In the 2019 general session, House Democrats put forth a resolution to enshrine gender equality in the U.S. Constitution by ratifying the Equal Rights Amendment. Republicans opposed the ERA, despite the 81 percent of Virginians who support its passage. But Yancey, conscious of his uphill re-election campaign this year, expressed support for the ERA. Even so, Speaker Cox refused to allow the ERA for a floor vote, and when House Democrats put forth a procedural resolution to attempt to force a vote, Yancey was given a pass to vote with the Democrats while confident the other members of his caucus would block the resolution – and they did.

Similarly, another vulnerable Republican in this year’s elections, Del. Glenn Davis (R-Virginia Beach), posted on his social media this weekend that he was celebrating Pride. Yet Davis sits on the General Laws committee, which refused to even hold a hearing this year on the Equality Act or a bill that would end discriminatory practices against LGBTQ+ Virginians in housing.
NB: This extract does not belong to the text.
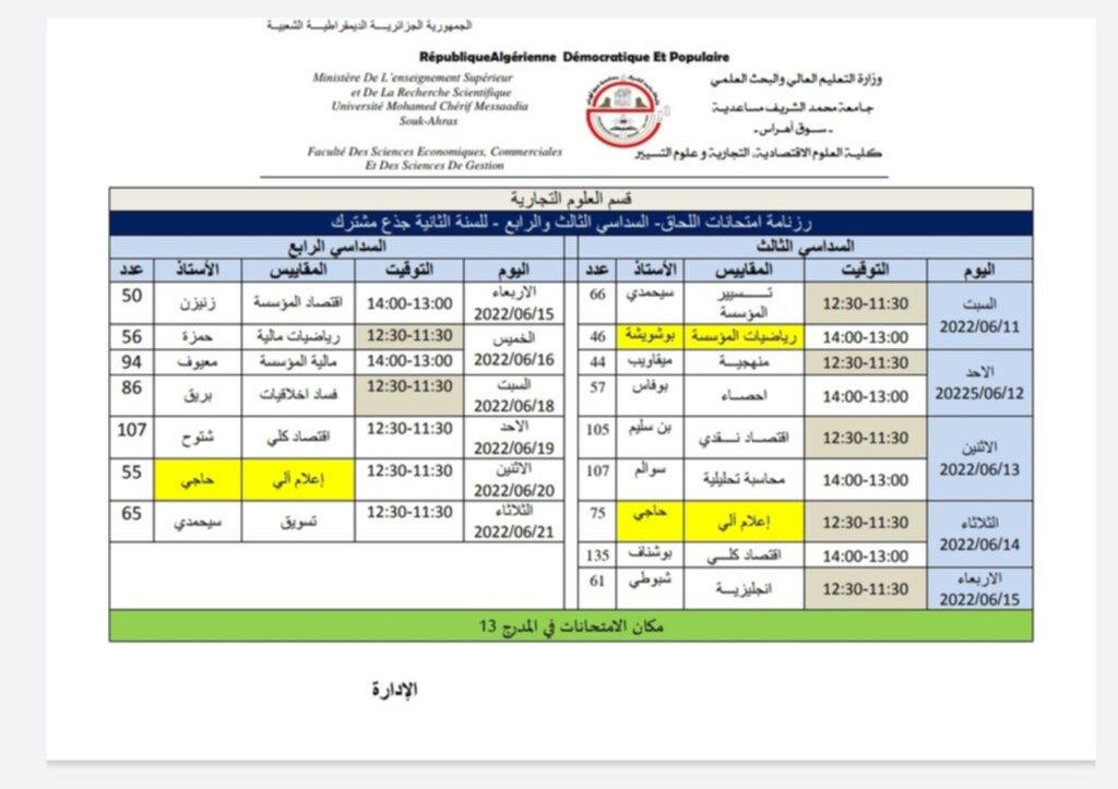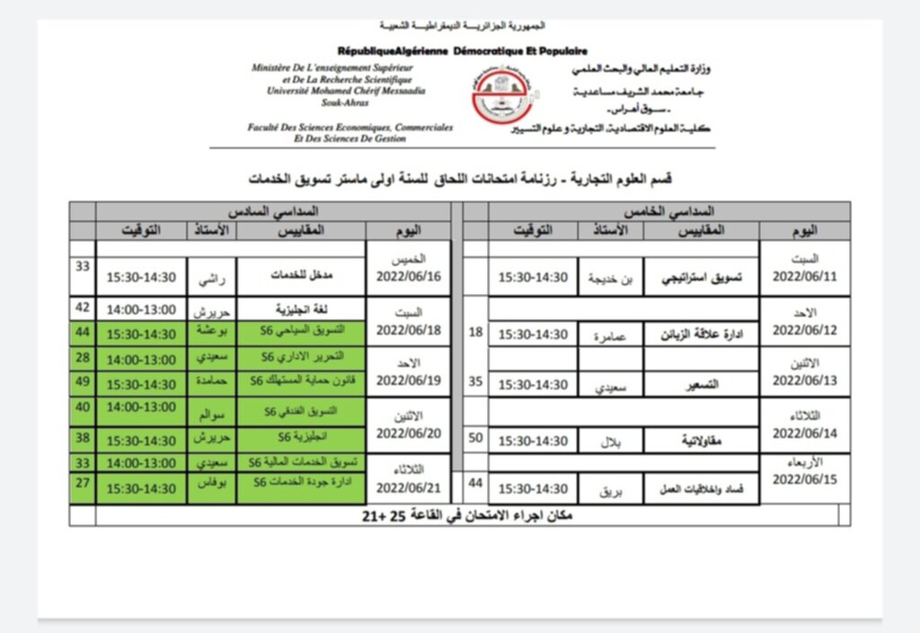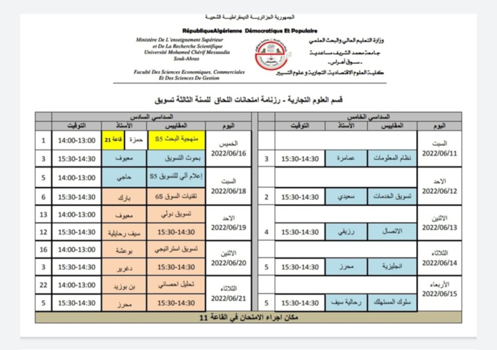 رزنامة اللحاق المصححة قسم علوم التجارية

By not even hearing the bills, Davis was spared having to vote on them, and Cox and his Republican hardliners were able to once again block LGBTQ+ equality.

“Speaker Cox and House Republicans have a policy – when it looks like common-sense legislation might pass with a full floor vote, they block the bills from ever getting to the floor,” said House Democratic Caucus Executive Director Trevor Southerland. “Cox spares his vulnerable members from ever having to be accountable to their communities, while the right-wing hardliners set the policy agenda. This special session, we can pass gun violence solutions – but only if Cox allows them to the floor.”

Recently, Cox’s Democratic challenger, Sheila Bynum-Coleman, earned national media attention in a Vanity Fair profile, which noted, “Bynum-Coleman, whose daughter is a gun violence survivor, is an advocate for gun control legislation; Cox has called efforts to study the issue after the Virginia Beach mass shooting ‘hasty and suspect’.”